=== SOURCE MATERIAL ===
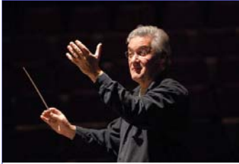
Sunday, November 12, 2006 NAC Orchestra Music Director Pinchas Zukerman leads an acoustic rehearsal at the Auditorium Dufour prior to the Quebec Tour's opening concert in Chicoutimi.
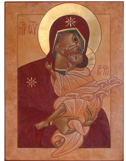
Icon: Mother of Tenderness
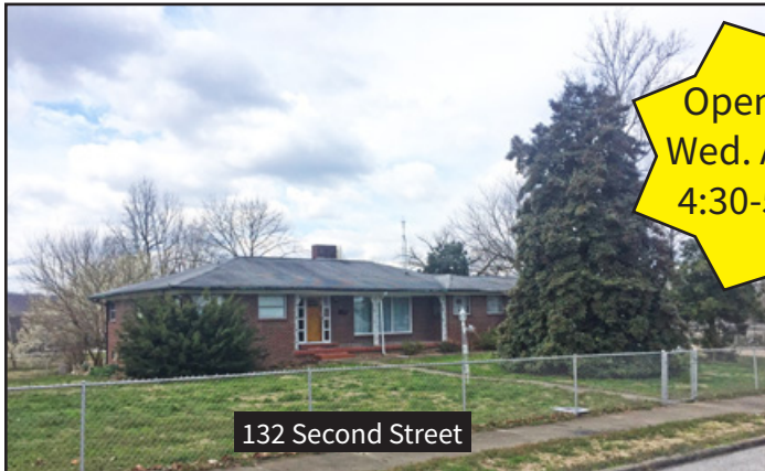
132 Second Street

Open House Wed. April 12 th 4:30-5:30 pm
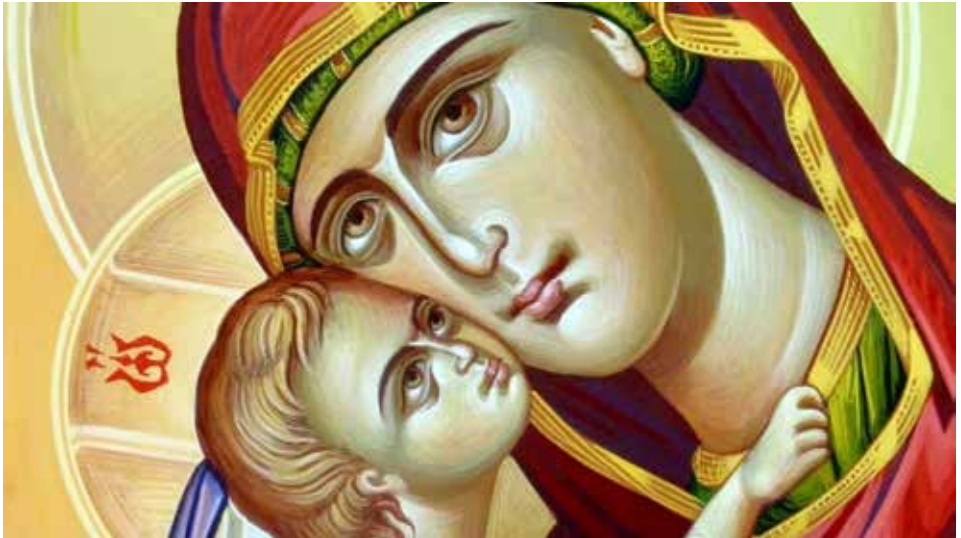
12th Century Byzantine icon known as the Theotokos of Vladimir

Mary, the sister of Martha and Lazarus, was a friend and companion of Jesus. We remember all three together in the church each year at the end of July. In Luke’s Gospel, we read about
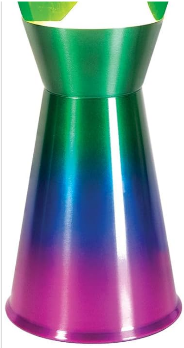
Figure 2: A detailed view of the InnoVibe Rainbow Moody Lamp, showing its metallic base and the vibrant, color-changing liquid inside.
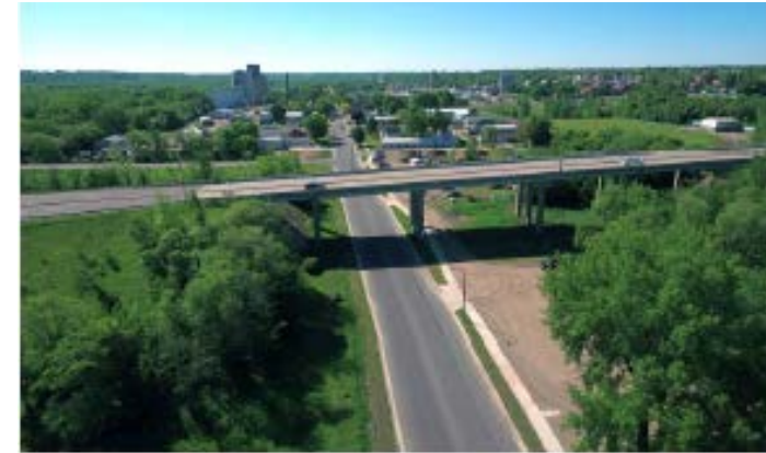
Front Street Bridge
===
• _DIRECTIONS FOR THIS TASK_:
Write out, word for word, only the lines from the one containing "12th Century Byzantine" to the end of the data above; the pictures stay out.

• _ANSWER TO THE EXERCISE_:
12th Century Byzantine icon known as the Theotokos of Vladimir

Mary, the sister of Martha and Lazarus, was a friend and companion of Jesus. We remember all three together in the church each year at the end of July. In Luke’s Gospel, we read about
Figure 2: A detailed view of the InnoVibe Rainbow Moody Lamp, showing its metallic base and the vibrant, color-changing liquid inside.
Front Street Bridge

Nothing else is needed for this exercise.